Если внимательно просмотреть дневниковые записи Штольца, то можно убедиться: его давно мучила мысль, что жизнь не удалась; он был инженером, плоть от плоти, как принято сейчас говорить, технарем, — хотя в этом слове, как в любой кличке, есть оттенок пренебрежения, но я не принимаю его в расчет, потому что знаю таких людей, в какой-то степени сам принадлежу к их числу, и конечно же тем, кто мало знаком с истинным технарством, непонятно упоение, доставляемое этим видом труда, упоение, доходящее до высшего блаженства, когда открывается маленькая, пусть мизерная, тайна машины. Да, именно такого сорта он и был инженером, так поставлен был его мозг, этому же были отданы лучшие порывы его души, и потому поклоняться он мог лишь высокому мастерству, как поклоняются в каждой вере недоступному и непознанному. В Эйзенахе я видел портрет мастера Купермана, он сохранился в семейном альбоме Штольцев — сухощавое лицо с ехидно-насмешливым блеском глаз, остроконечный разлет усов, они как стрелы, были направлены в разные стороны под могучим горбатым носом; ничего близкого к портрету Эльзы не было в этом лице, видимо, она была похожа на мать; я видел и некоторые поделки мастера Купермана — плод его буйной фантазии в часы отдыха от серьезных дел: мотоцикл-амфибию, подвесной мотор для лодки, который тут же мог превратиться в машинку для стрижки травы, и еще множество игрушек — на них можно смело выдавать патент и в наши дни, и, увидев все это, я могу понять искреннюю любовь Отто Штольца к этому человеку.
Исчезновение мастера в тайной утробе государственной машины не могло, конечно, не потрясти Штольца; но минули годы, и его самого против воли втянуло в политический водоворот времени, а то, что воспринималось как зло, приглохло; отсутствие душевного бунта против этого зла потребовало самооправдания, опоры которому не находилось внутри и отыскивалось во внешнем — в тех же политических декларациях, которыми до предела была насыщена атмосфера страны, и которым невольно поддавалось лишенное сопротивления сознание. Спасительное утверждение: «Так надо, они лучше знают» — укреплялось прочно; оно же оторвало его от любимого занятия, Штольц трижды проходил военную подготовку, а потом, следуя приказам, оказался в стенах военной академии и, ускоренно закончив ее, получил погоны оберст-лейтенанта.
Та же подчиненность обстоятельствам отмечала и личную его жизнь. Некогда он был лихим парнем, участвовал в автомобильных гонках, — правда, в любительских, не на гоночной машине, а на дорожной, брал призы, и девочки, не отличающиеся целомудрием, охотно вешались ему на шею, пока отец, человек крутого нрава, сам не потребовал его женитьбы на дочери своего старинного приятеля, видя в ней идеал хозяйки и жены. Штольц прожил с Мартой год, пока не ощутил удушливую скуку этого брака, но бунтовать не стал, а тайком искал неожиданных встреч; они происходили, особенно в те годы, когда он жил отринутым от семьи и, как ему казалось, обрел личную свободу, но эти встречи с женщинами, став потребностью, постепенно угнетали заранее предвидимым исходом и потому тоже сделались скучны.

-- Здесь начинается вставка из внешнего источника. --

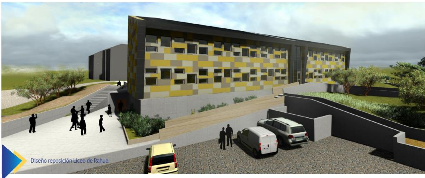
Diseño reposición Liceo de Rahue.

Так он стал лишь исполнителем чужой воли, даже без права внутреннего выбора, и только тосковал о нем, отдавая эту тоску дневнику, хотя занятие это было не из безопасных; постепенно одиночество стало доставлять ему наслаждение — то было единственное убежище, где можно было посожалеть о несбывшемся, заняться поисками утраченного времени; вся же остальная часть жизни строилась на подчинении повелениям извне.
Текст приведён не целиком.